> _Exercise data_
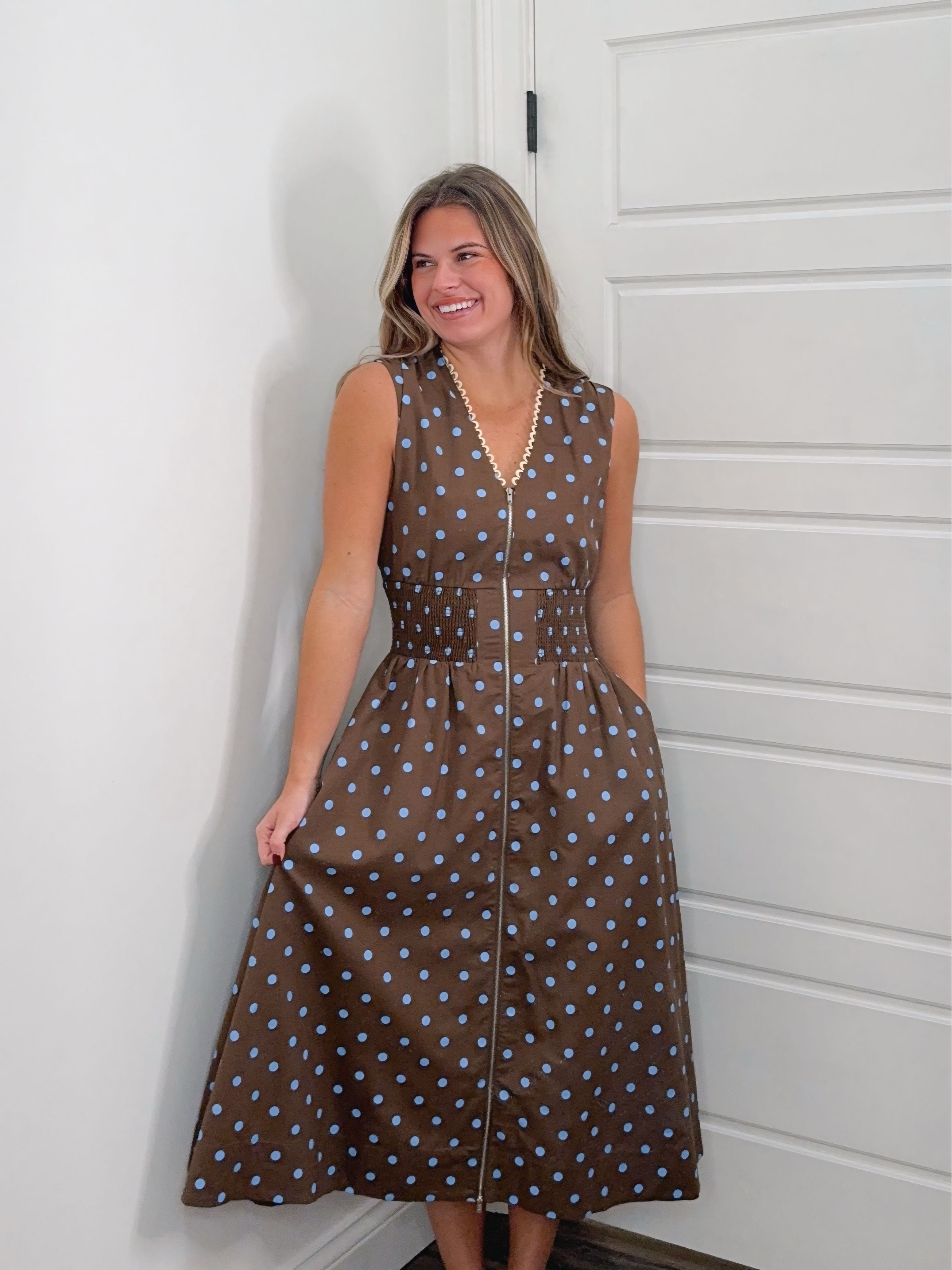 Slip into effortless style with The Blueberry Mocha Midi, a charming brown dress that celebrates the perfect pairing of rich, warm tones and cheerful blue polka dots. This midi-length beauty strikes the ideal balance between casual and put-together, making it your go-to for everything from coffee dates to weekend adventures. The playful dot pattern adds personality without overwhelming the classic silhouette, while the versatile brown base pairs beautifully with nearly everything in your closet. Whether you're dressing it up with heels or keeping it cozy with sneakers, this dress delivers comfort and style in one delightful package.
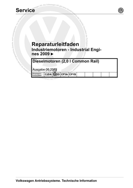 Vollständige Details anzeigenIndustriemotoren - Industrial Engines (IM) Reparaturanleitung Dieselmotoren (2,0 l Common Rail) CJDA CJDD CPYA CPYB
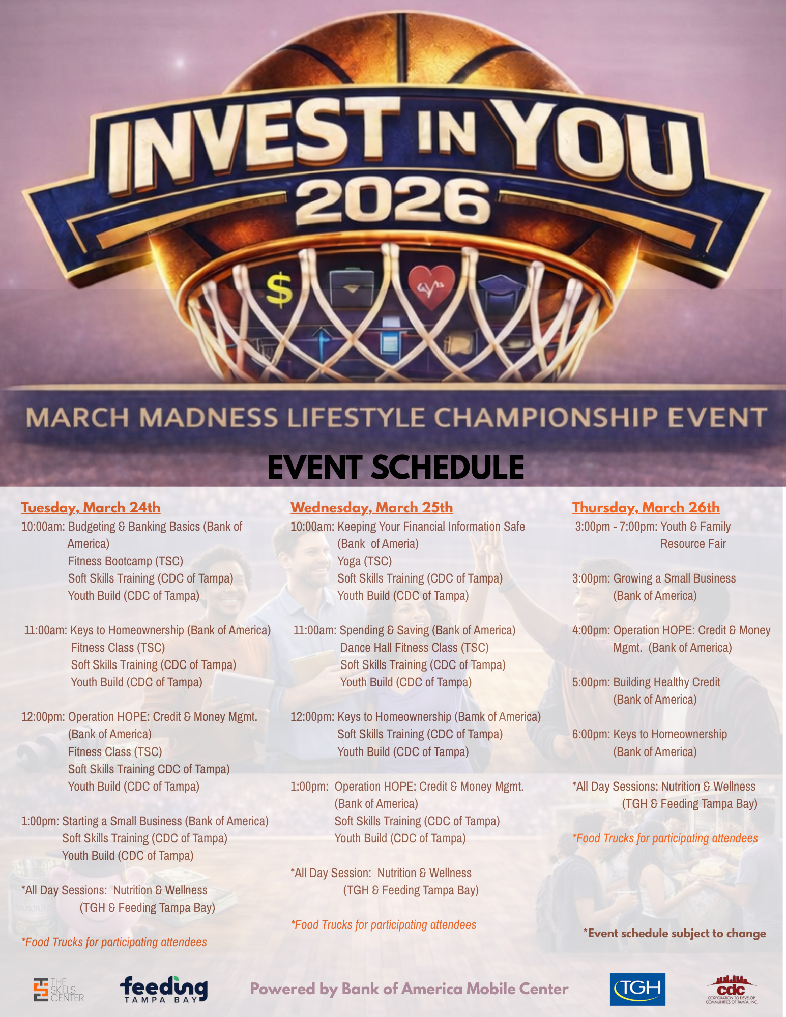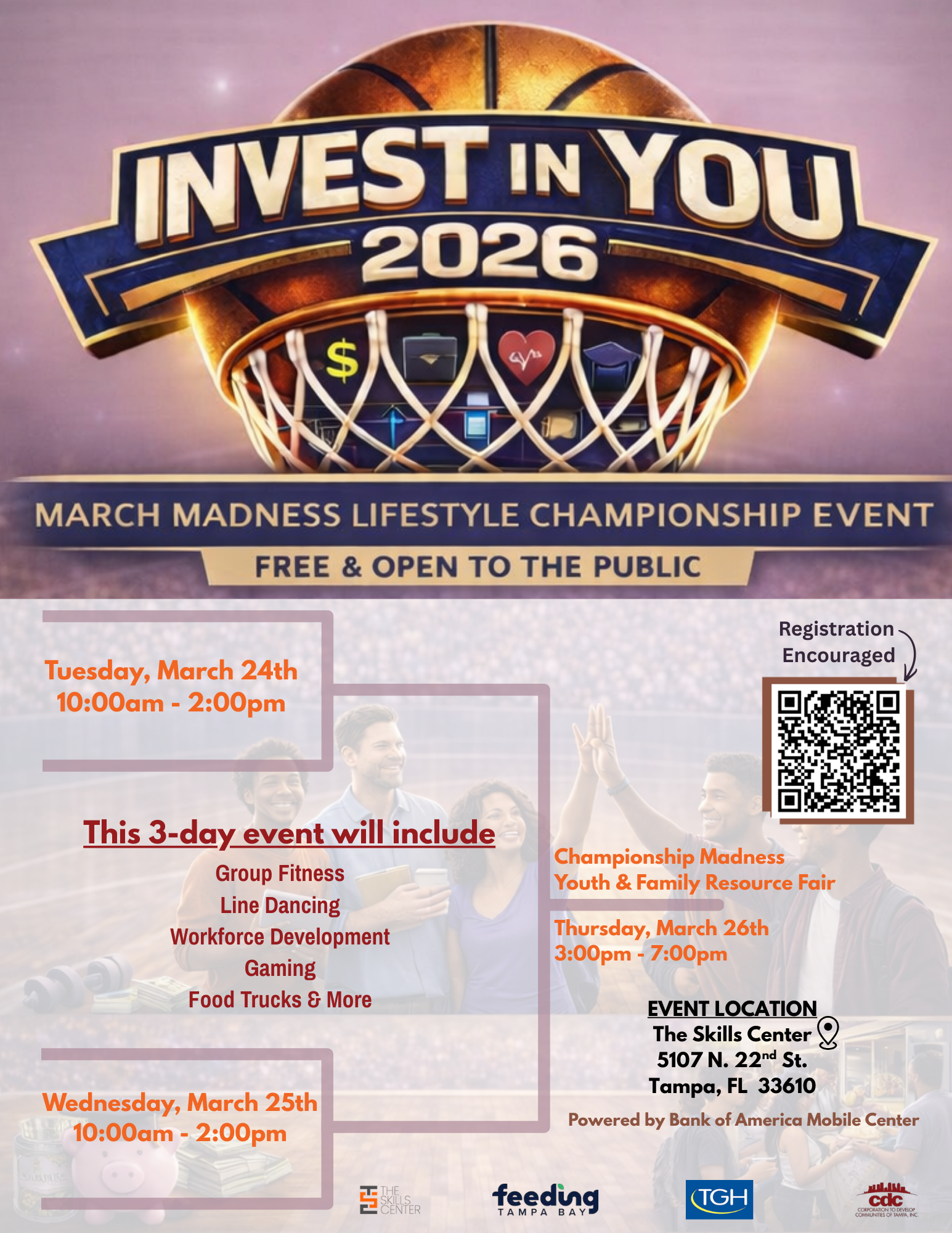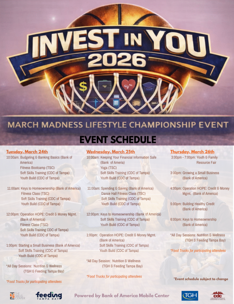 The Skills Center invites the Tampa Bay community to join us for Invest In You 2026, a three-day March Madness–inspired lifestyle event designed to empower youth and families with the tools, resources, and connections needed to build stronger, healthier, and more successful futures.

> _Brief_
Nothing but the pictures should be left out when the material above is copied.

> _Response to this task_
 Slip into effortless style with The Blueberry Mocha Midi, a charming brown dress that celebrates the perfect pairing of rich, warm tones and cheerful blue polka dots. This midi-length beauty strikes the ideal balance between casual and put-together, making it your go-to for everything from coffee dates to weekend adventures. The playful dot pattern adds personality without overwhelming the classic silhouette, while the versatile brown base pairs beautifully with nearly everything in your closet. Whether you're dressing it up with heels or keeping it cozy with sneakers, this dress delivers comfort and style in one delightful package.
 Vollständige Details anzeigenIndustriemotoren - Industrial Engines (IM) Reparaturanleitung Dieselmotoren (2,0 l Common Rail) CJDA CJDD CPYA CPYB
 The Skills Center invites the Tampa Bay community to join us for Invest In You 2026, a three-day March Madness–inspired lifestyle event designed to empower youth and families with the tools, resources, and connections needed to build stronger, healthier, and more successful futures.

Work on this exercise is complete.